## Work item:
Only one stretch of the data should be retyped: the lines from the line containing "authorization is complete." through the line containing "The first stage". Keep pictures out of it.

## Data shown:
%%

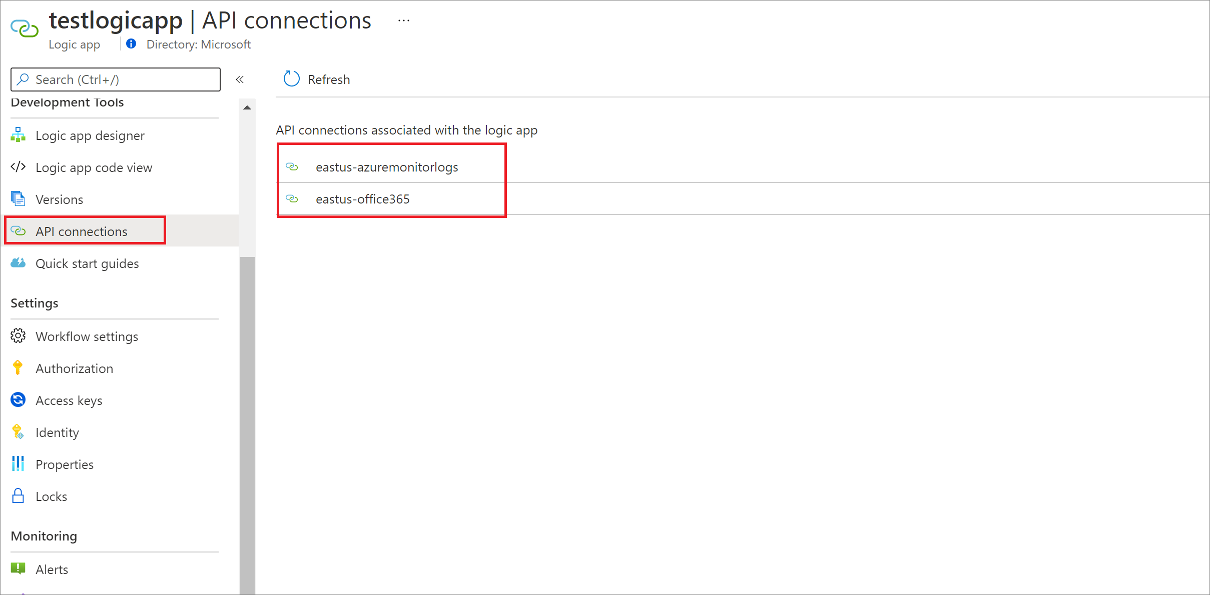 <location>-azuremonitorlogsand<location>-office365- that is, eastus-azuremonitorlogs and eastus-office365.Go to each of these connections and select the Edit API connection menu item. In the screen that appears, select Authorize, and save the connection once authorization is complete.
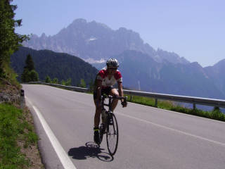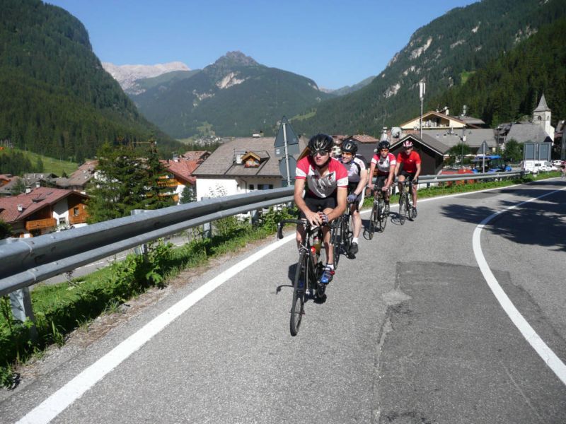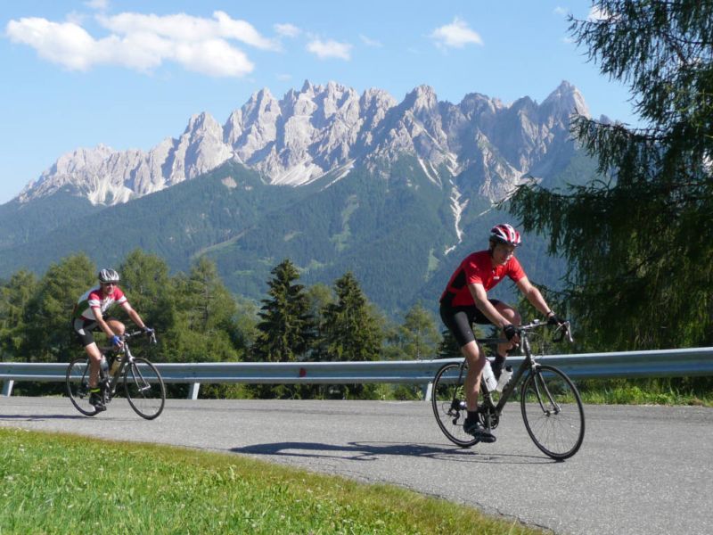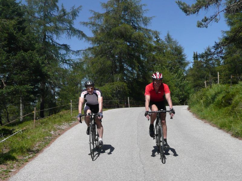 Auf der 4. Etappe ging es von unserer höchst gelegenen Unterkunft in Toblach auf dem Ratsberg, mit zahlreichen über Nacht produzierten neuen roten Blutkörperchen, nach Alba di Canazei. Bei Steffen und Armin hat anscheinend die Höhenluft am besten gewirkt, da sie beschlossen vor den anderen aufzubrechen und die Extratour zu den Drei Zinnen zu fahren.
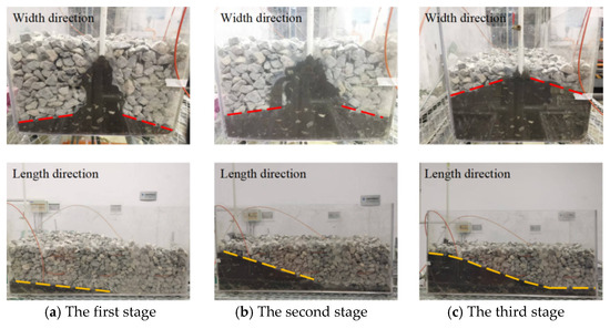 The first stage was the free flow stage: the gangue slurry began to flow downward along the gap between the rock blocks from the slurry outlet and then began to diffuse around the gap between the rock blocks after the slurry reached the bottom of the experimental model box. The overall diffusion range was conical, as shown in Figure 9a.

%%
%%

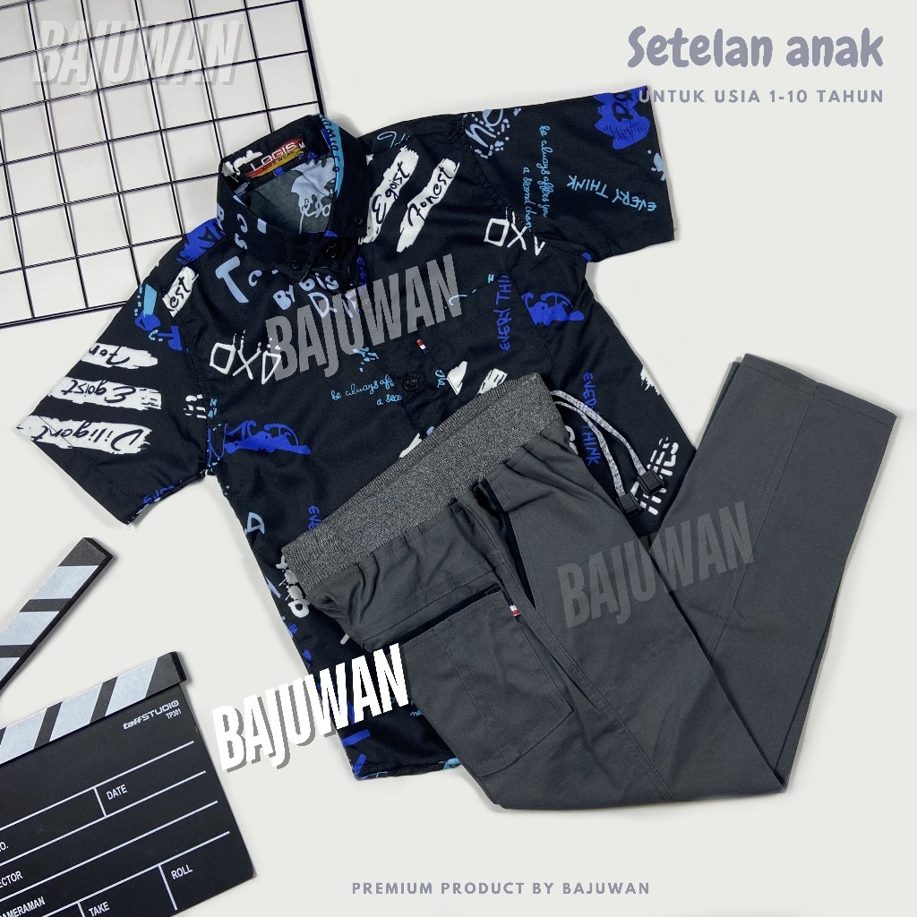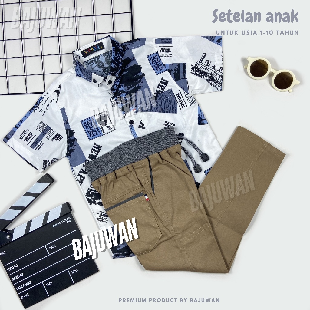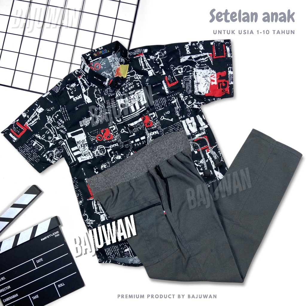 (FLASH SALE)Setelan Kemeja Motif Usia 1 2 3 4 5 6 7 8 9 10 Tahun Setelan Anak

%%

## Response box:
 <location>-azuremonitorlogsand<location>-office365- that is, eastus-azuremonitorlogs and eastus-office365.Go to each of these connections and select the Edit API connection menu item. In the screen that appears, select Authorize, and save the connection once authorization is complete.
 Auf der 4. Etappe ging es von unserer höchst gelegenen Unterkunft in Toblach auf dem Ratsberg, mit zahlreichen über Nacht produzierten neuen roten Blutkörperchen, nach Alba di Canazei. Bei Steffen und Armin hat anscheinend die Höhenluft am besten gewirkt, da sie beschlossen vor den anderen aufzubrechen und die Extratour zu den Drei Zinnen zu fahren.
 The first stage was the free flow stage: the gangue slurry began to flow downward along the gap between the rock blocks from the slurry outlet and then began to diffuse around the gap between the rock blocks after the slurry reached the bottom of the experimental model box. The overall diffusion range was conical, as shown in Figure 9a.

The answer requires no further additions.